Bomboş beton duvarlar arasında yaşanan ömür, kimini derviş kimini rezil ederken, hangi duvar diye sorgulamamız nedendir? Görüntülere aldanarak yaşamak, rakamların büyüklüğü ve küçüklüğüne göre sınıflandırmak ile elimize geçen şeyin adı nedir? Oysa benzer rakamlar ile yaşıyoruz. Aynı hanlara bakıyor, aynı taslarda ayran içiyoruz, aynı müzikler de dans ediyor, aynı zorluklara göğüs geriyoruz. Baktığımız yön ile alakalı değil tüm bu olanlar. Onlara ne anlam yüklediğimiz ile alakalı.
Çaresizlik içine hapsolduğunda insan yahut pişmanlık ile kahrolurken, kandırdığı ve kahrolduğun şeyin ta kendisi olduğunu çok sonradan anlıyor.
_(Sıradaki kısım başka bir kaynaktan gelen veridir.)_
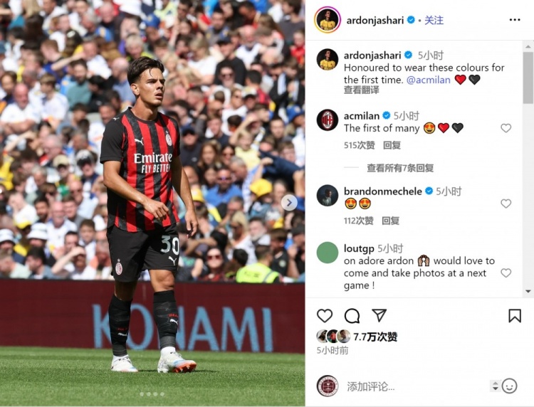 亞沙里更新社媒動態(tài),曬出比賽照片,配文:“很榮幸首次身披米蘭球衣參加比賽?!?/p>

Bütün gördüklerimiz, bir sis dolu bulutun içine gizlenmiş ve gerçeklik ile arasında tonlarca perde bulunan şeylerden ibaret. Bütün perdelerin deseni de bizim seçtiğimiz modeller arasında oluşuyor.
İstediğimiz şeyi gördüğümüz şu ömür de kaçırdığımız tek şey, kendimiziz.